Without including any pictures, write out all the entries exactly.

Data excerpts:
++++++++++++++++++++

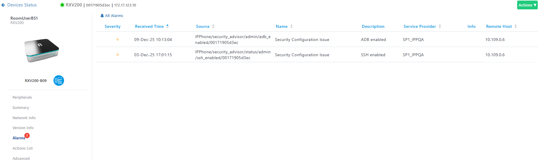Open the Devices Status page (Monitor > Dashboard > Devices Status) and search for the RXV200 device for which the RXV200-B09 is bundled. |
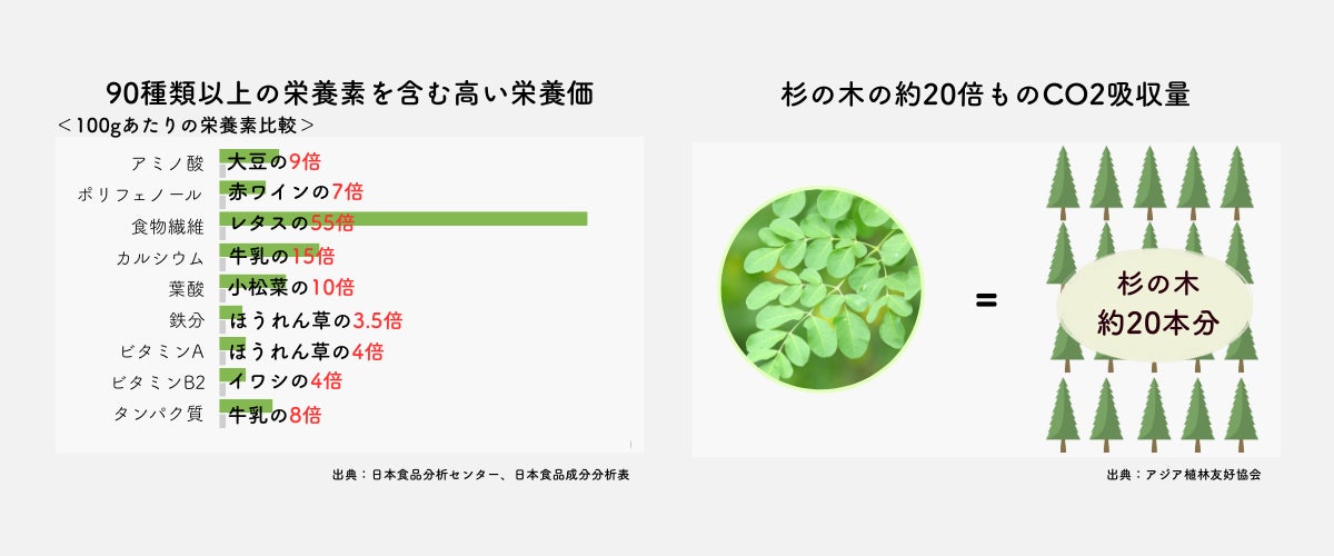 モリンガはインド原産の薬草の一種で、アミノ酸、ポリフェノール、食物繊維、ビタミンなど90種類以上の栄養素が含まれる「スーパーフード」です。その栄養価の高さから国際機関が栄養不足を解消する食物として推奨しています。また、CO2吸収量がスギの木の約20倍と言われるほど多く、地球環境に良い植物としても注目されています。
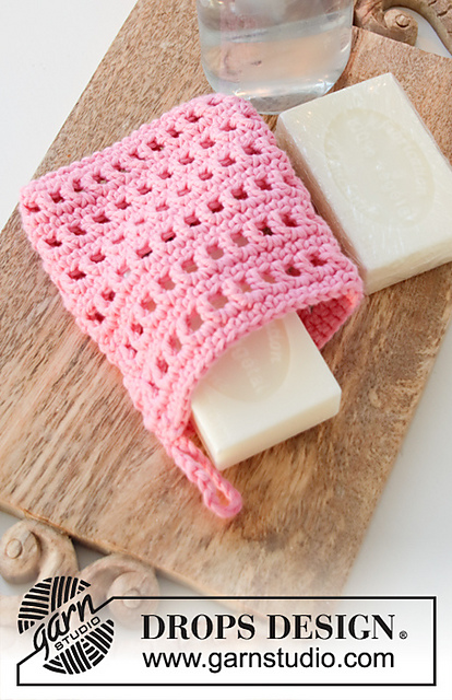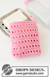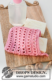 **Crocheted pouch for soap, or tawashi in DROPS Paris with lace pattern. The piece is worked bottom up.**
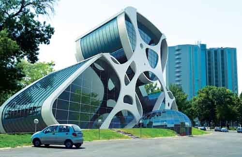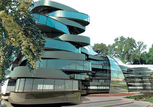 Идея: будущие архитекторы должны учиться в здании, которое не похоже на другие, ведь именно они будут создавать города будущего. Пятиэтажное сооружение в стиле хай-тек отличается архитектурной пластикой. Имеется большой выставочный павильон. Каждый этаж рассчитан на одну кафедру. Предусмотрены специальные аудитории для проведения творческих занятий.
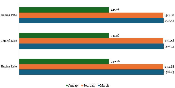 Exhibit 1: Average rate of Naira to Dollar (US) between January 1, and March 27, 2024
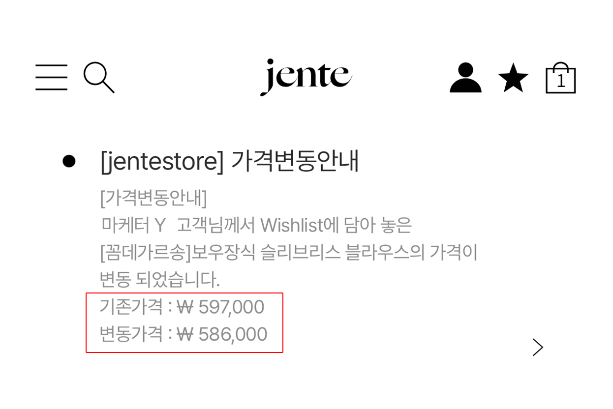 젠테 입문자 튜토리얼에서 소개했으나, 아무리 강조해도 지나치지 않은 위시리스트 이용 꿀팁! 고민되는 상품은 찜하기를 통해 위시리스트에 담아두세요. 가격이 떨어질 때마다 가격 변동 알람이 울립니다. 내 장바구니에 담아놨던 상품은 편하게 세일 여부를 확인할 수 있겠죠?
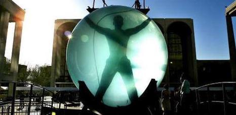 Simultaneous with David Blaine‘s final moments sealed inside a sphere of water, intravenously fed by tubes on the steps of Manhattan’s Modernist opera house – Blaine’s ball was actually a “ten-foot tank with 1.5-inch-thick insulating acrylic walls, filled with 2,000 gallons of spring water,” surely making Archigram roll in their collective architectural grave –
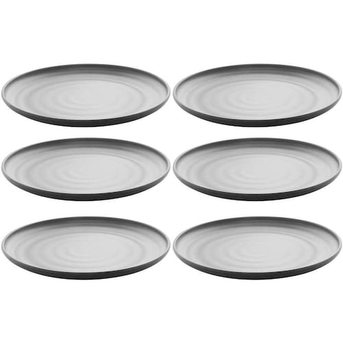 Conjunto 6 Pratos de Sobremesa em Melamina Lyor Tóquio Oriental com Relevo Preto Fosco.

++++++++++++++++++++

• _Completed exercise_
Open the Devices Status page (Monitor > Dashboard > Devices Status) and search for the RXV200 device for which the RXV200-B09 is bundled. |
 モリンガはインド原産の薬草の一種で、アミノ酸、ポリフェノール、食物繊維、ビタミンなど90種類以上の栄養素が含まれる「スーパーフード」です。その栄養価の高さから国際機関が栄養不足を解消する食物として推奨しています。また、CO2吸収量がスギの木の約20倍と言われるほど多く、地球環境に良い植物としても注目されています。
 **Crocheted pouch for soap, or tawashi in DROPS Paris with lace pattern. The piece is worked bottom up.**
 Идея: будущие архитекторы должны учиться в здании, которое не похоже на другие, ведь именно они будут создавать города будущего. Пятиэтажное сооружение в стиле хай-тек отличается архитектурной пластикой. Имеется большой выставочный павильон. Каждый этаж рассчитан на одну кафедру. Предусмотрены специальные аудитории для проведения творческих занятий.
 Exhibit 1: Average rate of Naira to Dollar (US) between January 1, and March 27, 2024
 젠테 입문자 튜토리얼에서 소개했으나, 아무리 강조해도 지나치지 않은 위시리스트 이용 꿀팁! 고민되는 상품은 찜하기를 통해 위시리스트에 담아두세요. 가격이 떨어질 때마다 가격 변동 알람이 울립니다. 내 장바구니에 담아놨던 상품은 편하게 세일 여부를 확인할 수 있겠죠?
 Simultaneous with David Blaine‘s final moments sealed inside a sphere of water, intravenously fed by tubes on the steps of Manhattan’s Modernist opera house – Blaine’s ball was actually a “ten-foot tank with 1.5-inch-thick insulating acrylic walls, filled with 2,000 gallons of spring water,” surely making Archigram roll in their collective architectural grave –
 Conjunto 6 Pratos de Sobremesa em Melamina Lyor Tóquio Oriental com Relevo Preto Fosco.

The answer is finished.